- Born: Virgilio Redondo y Purugganan March 28, 1926 San Esteban, Ilocos Sur, Philippine Islands
- Died: April 13, 1997 (aged 71) Caloocan, Metro Manila, Philippines
- Nationality: Filipino
- Area: Writer, Penciller, Inker

= Virgilio Redondo =

Filipino comic book writer and artist (1926–1997)

Virgilio "Virgil" Redondo y Purugganan (March 28, 1926 – April 13, 1997) was a Filipino comic book writer and artist.

== Biography ==

=== Early life ===
Redondo was born in the town of San Esteban, Ilocos Sur, Philippines, the eldest of eight children.

===Early work===
Redondo started as a staff and advertising artist. He worked, along with his younger brothers Nestor Redondo, Francisco "Quico" Redondo, and Sisenando Redondo Jr., on a newspaper.

On December 15, 1948, he published his komik serial Mahiwagang Bundok. His first cartoon comic strip was "Isyo", a humorous strip from Pilipino Komiks. In the 1950s Virgil started to work at Ace Publication Incorporated aided by Tony Velasquez. His writing became successful with Diwani in 1951 and Reyna Bandida in 1952. The latter was adapted into a movie by Sampaguita Pictures, starring Alicia Vergel. Then followed Tin-edyer in 1953, Talusaling in 1955 and Aling Kutsero in 1956, in which Nida Blanca appeared, released by LVN Pictures.
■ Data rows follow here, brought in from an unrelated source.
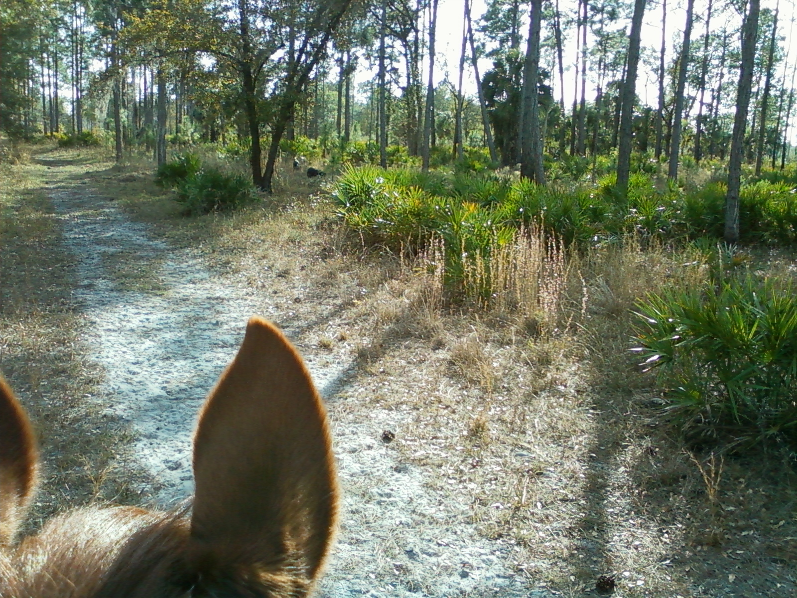 First things first today, I had to run down and drop off an envelope for the outgoing mail at the ranger station, running the gauntlet through the sugar sand again, slipping and sliding in several spots, but it was to pay our taxes, so I couldn’t let it go another day. Got back and had a leisurely breakfast, and did some work on the computer. Just as we were getting ready to go, I got a call from my brother here in Florida (the one we’re on our way to visit), to tell me that one of our other brothers (who was supposed to be flying from Texas to Florida today for a week of rest and to visit the same brother) was in the hospital undergoing some sort of heart surgery. Not a heart attack, apparently, but a torn aorta. Kept the phone with me for updates, and fortunately, the surgery went well and he’s going to be under careful observation for a few days, but don’t know yet about the recovery involved. Easy to deduce he won’t be flying to Florida any time soon! Well, Hubby had already saddled up his horse, so I saddled mine and away we went! It was an absolutely perfect day weather-wise, one of the best we’ve had in awhile, so nice I only had to have a tank top on. It’s great to get some sun. We did the full official trail today, which is about 10 miles, but we saw lots of side trails we’ll explore later in the week. It began with a very long, very straight stretch with old growth and palm trees along a little river which is shared with the bikers (we passed several along the way), crossed a good sized wooden bridge over the river, then eventually worked our way out to the country road. The trees thinned out until we were essentially in almost open fields with just a few pines and lots of squash palms. After that we crossed the county road, did some pretty straight runs along the boundary, came across a lot of pig sign that got the horses snorting and whirling around a bit. We crossed the road again and came across some actual pigs crossing the trail, a couple of mamas and some babies, and the horses were like statues at first. Once they caught sight of us, they ran off, which seemed to give Apollo some confidence, so he strutted past the area with a bit more panache and a lot less fuss. I guess he finally figured out that the pigs were more afraid that we were pig-eating monsters than he was that they were horse-eating pigs. We had some fantastic canters and lovely long trots, as everyone is getting more and more fit. We even trotted across the bridge on the way back, about 10-15 yards of planking that made a wonderful clippety-clop sound as we went over it. A great ride! We arrived back at camp about 4:00, just as one of my brothers texted me to let me know that my other brother was out of surgery and seemed to be doing okay, though we’ll know better in a few days in the ICU. Settled in for a relaxing evening, enjoying the quiet solitude of this place.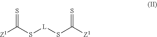 In some embodiments, the dithioester compounds may comprise molecules of the Formula (II): wherein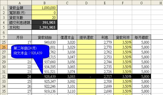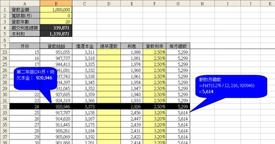 以同例子來說,前一段的優惠利率2.5%雖然只適用兩年,但是在計算2.5%的月繳款時,是假設貸款金額是100萬元,直到期滿20年都適用2.5%,然後以這條件所計算出來的本息平均攤還金額。計算第二段利率3.2%的月繳款時,亦假設第三年到期滿總共18年都適用3.2%的利率,但是貸款金額必需使用上一段利率結束的貸款本金餘額,亦就是繳完第二年後,還欠銀行多少本金。這金額可以由前一段利率的攤還表得知為920,946。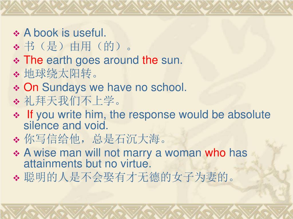 A book is useful. • 书(是)由用(的)。 • The earth goes around the sun. • 地球绕太阳转。 • On Sundays we have no school. • 礼拜天我们不上学。 • If you write him, the response would be absolute silence and void. • 你写信给他,总是石沉大海。 • A wise man will not marry a woman who has attainments but no virtue. • 聪明的人是不会娶有才无德的女子为妻的。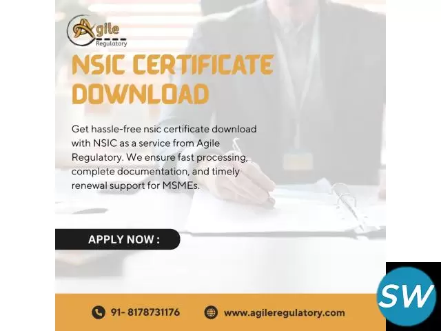 Download your NSIC certificate effortlessly with Agile Regulatory. Our expert assistance ensures secure, verified, and fast certificate access for MSMEs. Stay compliant, leverage NSIC benefits, and streamline your regulatory obligations without delays. Trusted service designed to save time and simplify documentation.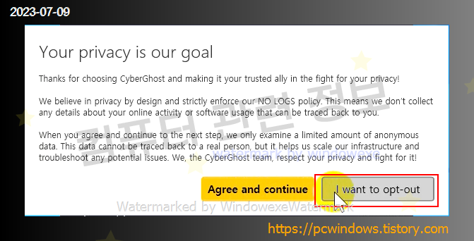 비개인 정보 수집은 필요없으므로 I want to opt-out 클릭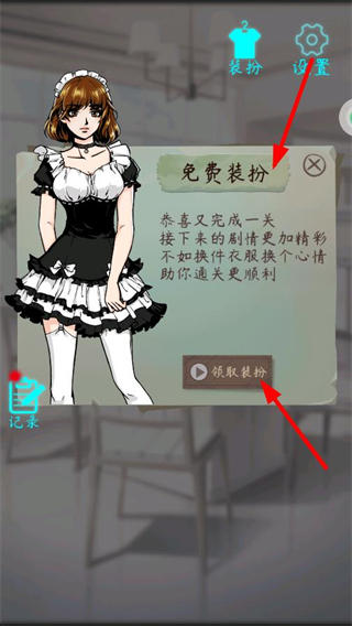 4、通關一關后會出現免費裝扮界面,點擊領取裝扮獲取新外觀,更換裝扮后可更順利地推進后續劇情。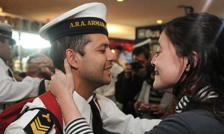 Nacionales | Los primeros 285 tripulantes de la Fragata Libertad, retenida en Ghana a partir de la acción de un fondo buitre, llegaron esta madrugada a Ezeiza, a bordo de un vuelo contratado por el Gobierno Nacional.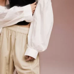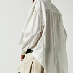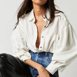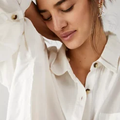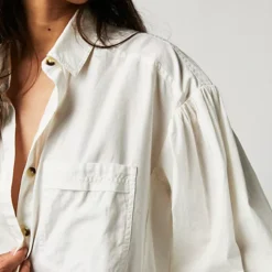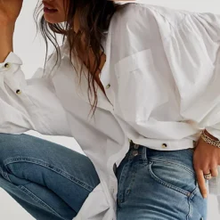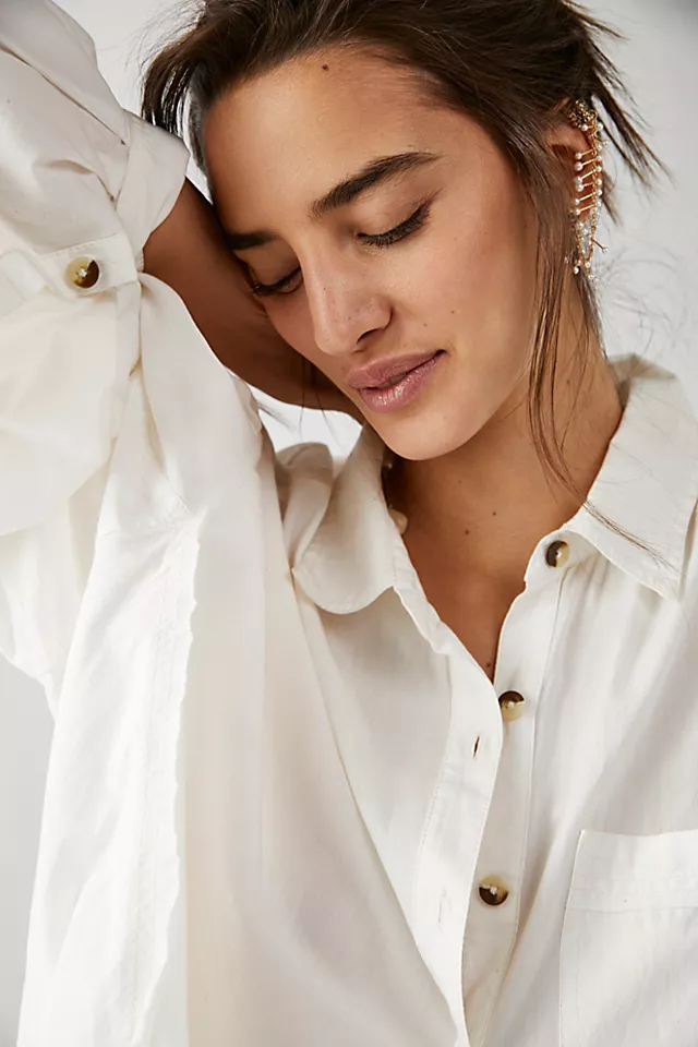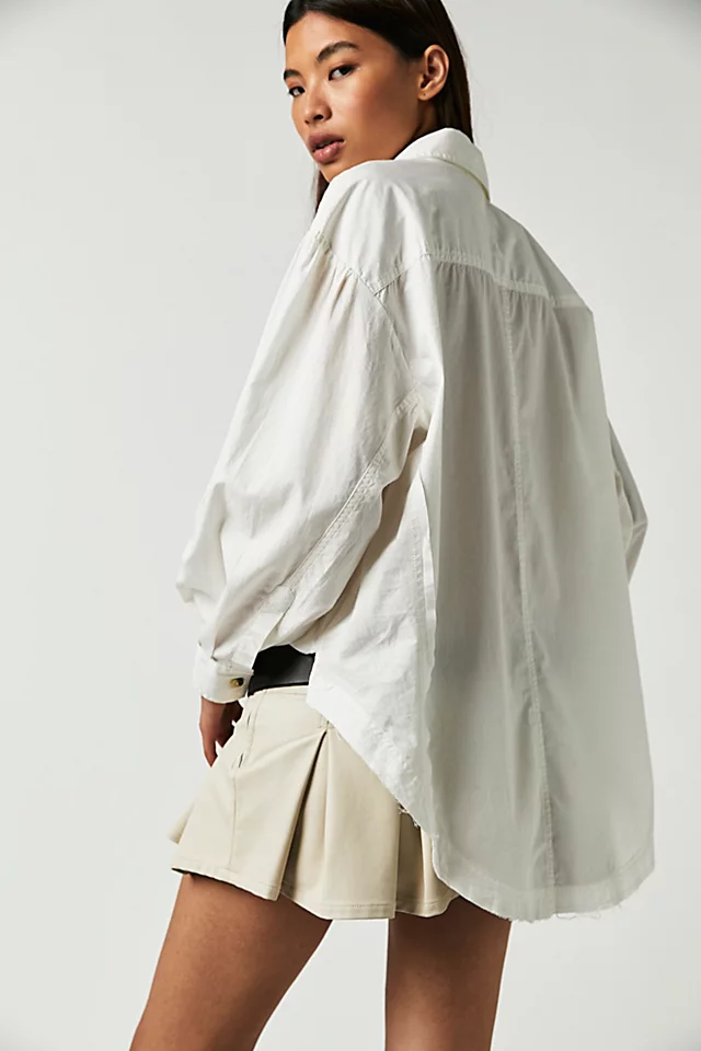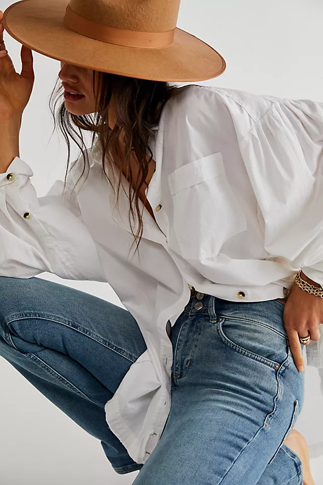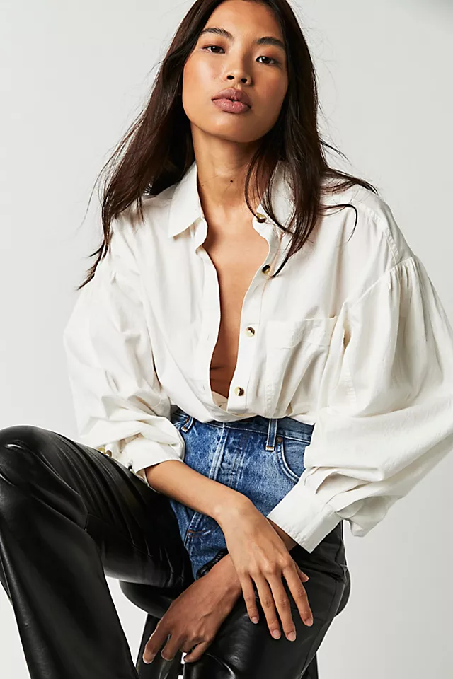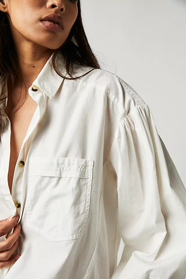 Classic and versatile button-down top featured in a boxy & oversized silhouette with dropped puff sleeves and curved bottom hem for added shape.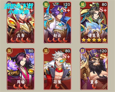 3、吕布+赵云+诸葛亮+周瑜+孙策+董卓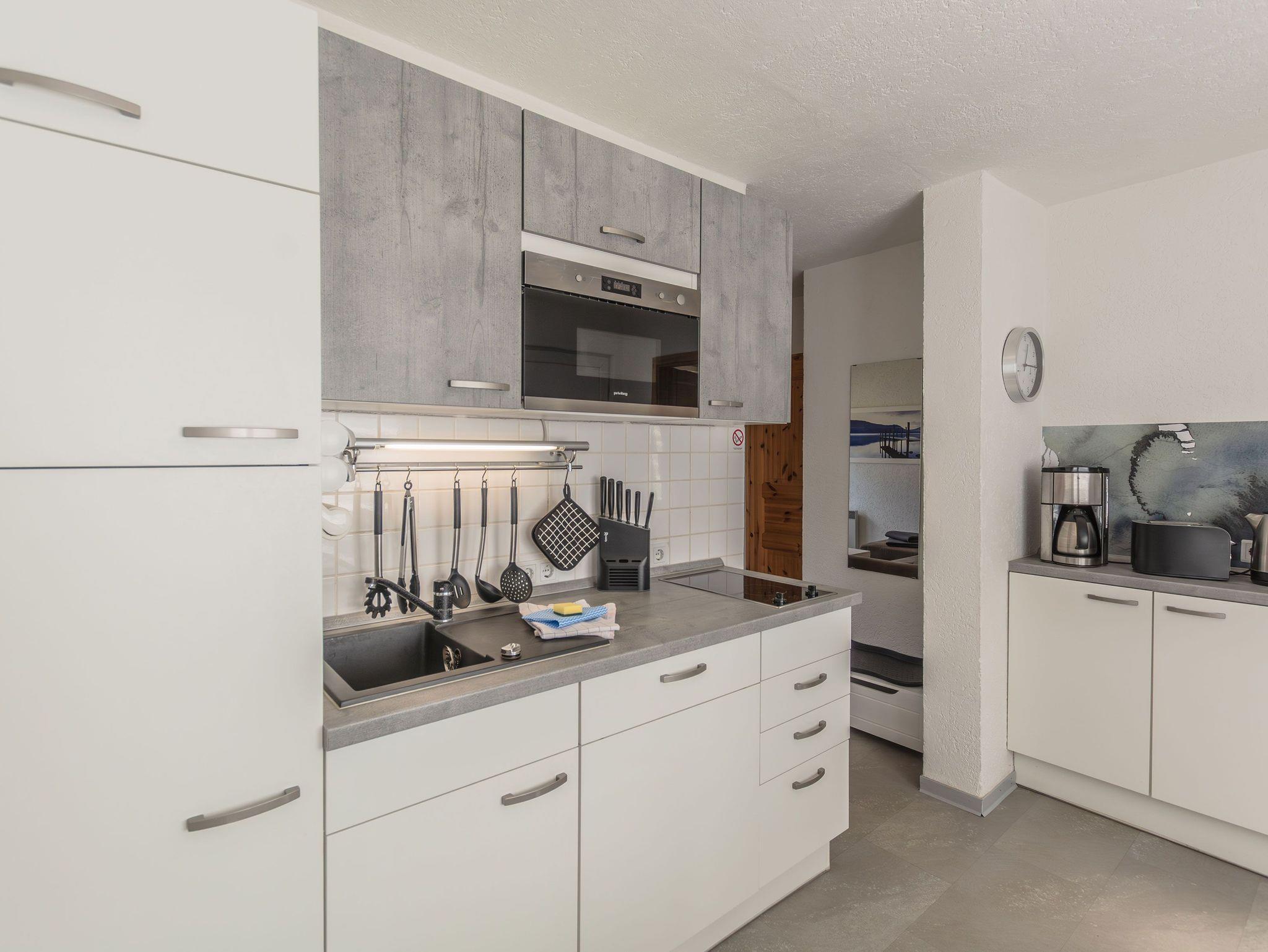 Die offene Küche ist mit einem kleinen Kochfeld, einem Geschirrspüler, einem Kühlschrank mit Tiefkühlfach, Kaffeefiltermaschine, Wasserkocher, Toaster sowie einer Mikrowelle ausgestattet. Ein kleiner Essbereich rundet das Gesamtangebot ab. Im Schlafbereich befindet sich ein Doppelbett (140 x 200) und ein Kleiderschrank.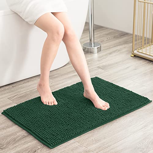 subrtex Chenille Bath Mats for Bathroom Extra Soft and Water Absorbent Non Slip Bath Rug Perfect Plush Carpet Mats for Tub, Shower (40×60cm, Green)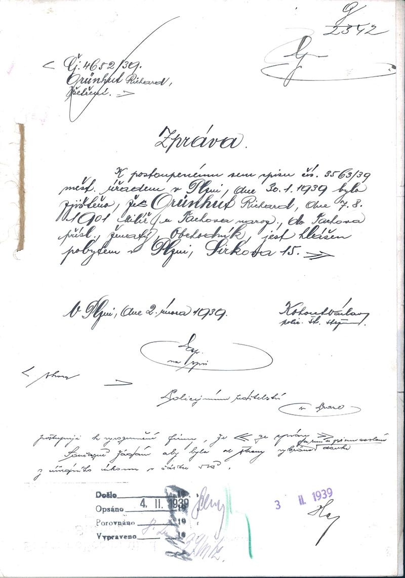 State Regional Archives in Pilsen > Police Directorate Pilsen > 1918-1951 > G > Grünhut Richard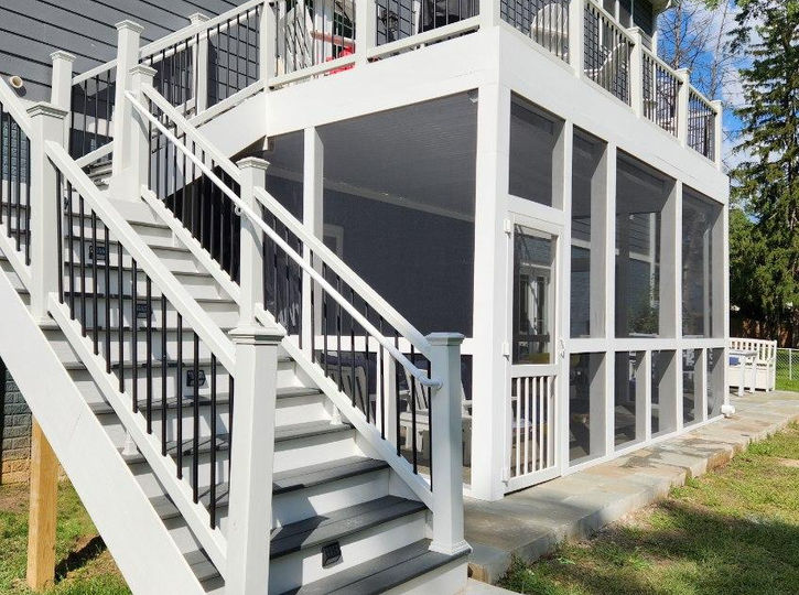 The old deck had rotted floor boards and warped railings. Our team replaced the floor with Trex Enhance Clam Shell. The railings were replaced with Trex Enhance white railings with aluminum clusters and cocktail top. All the exposed wood like fascia and stair singers were wrapped in white PVC. The area underneath were enclosed with vinyl lattice.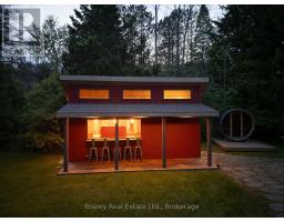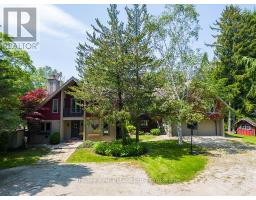 Nestled on a secluded, park-like acre within the Town of Collingwood, this exceptional estate blends refined luxury with natural beauty. Surrounded by towering mature trees, perennial gardens, and a spring-fed pond from Silver Creek, this renovated five-bedroom, five-bathroom residence offers the ultimate in privacy and tranquility. Designed for multi-generational living or sophisticated entertaining, the home features flexible dual-family layouts, with separate quarters ideal for extended family or guests. The elegant interior showcases contemporary finishes, high-end renovations throughout. Enjoy the convenience of upper and lower-level laundry rooms and the peace of mind of modern infrastructure, including municipal water, natural gas, and fibe internet. Step outside to your own four-season oasis - a series of breathtaking outdoor living spaces perfect for gathering or relaxing. Unwind in the newly added outdoor sauna, or entertain at the stunning custom outdoor bar featuring a roll-up window, loft sleeping quarters, and generous storage. A heated and cooled three-car attached garage with workshop offers plenty of space for all your recreational gear and projects. Ideally located just minutes from skiing, golf, Georgian Bay, scenic trails, and Collingwood's charming shops and dining - this rare offering truly captures the best of luxurious country living with urban convenience. (id:46441)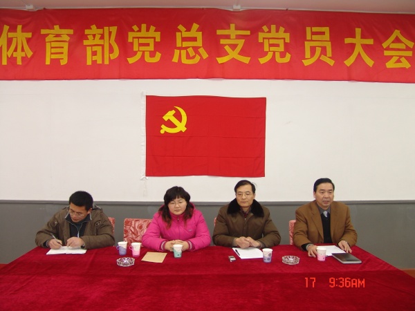 大会在庄严的国歌声中开始。首先,由体育部陈建华同志代表上一届党总支委员会作了三年多来体育部党的工作报告;接着,通过了体育部新一届党总支委员的选举办法,并进行了新一届党总支委员会委员的选举,经过正式党员的无记名投票,选举产生了王 浩、孙欣荣、李加奎、陈建华、於 鹏等五位同志为新一届党总支委员。

He also created Alyas Palos, Bakas ng Gagamba, Panginoon, Ang Mga Lawin, Vod-a-vil, Teen-age Crush, Anak ng Kidlat and Rolling Rockers.

=== CRAF Publications ===
In April 1963 Virgilio Redondo and a group of writers and illustrator founded CRAF Publications, initially named after Amado Castrillo, Tony Caravana, Virgil Redondo, Nestor Redondo, Alfredo Alcala and Jim Fernandez. Their first comic was Redondo Komiks, released on May 7, 1963. CRAF introduced many titles, such as Alcala's Fight Komiks, Amado's Lovers Komiks, Craf Klasix, and Magic Comics. The firm shut down in 1968.

=== Collaboration with other writers ===
Redondo teamed up with Gilda Olvidado to illustrate the short stories "May Sopresa Ang Pag-ibig," "Ang Paborito", and "Narito ang Anak, Narito ang Ina." He demonstrated his artwork in Rico Bello Omagap's novel Bathaluman Sino Ka? and Putik sa Mukha ng Birhen.

=== Other works ===
Virgil also worked at Marvel Comics. As both penciller and inker, he contributed to Planet of the Apes, Unknown Worlds of Science Fiction, Solomon Kane, Savage Sword of Conan #20, Tomb of Dracula, Tales of the Zombie, and Vampire Tales.

He also worked as an Illustrator with Vincent Fago for Pendulum Illustrated Classics on the adaptation of Nathaniel Hawthorne's The Scarlet Letter.

=== Death ===
Redondo died on April 13, 1997, and rests at Eternal Garden at East Bagong Barrio, Caloocan.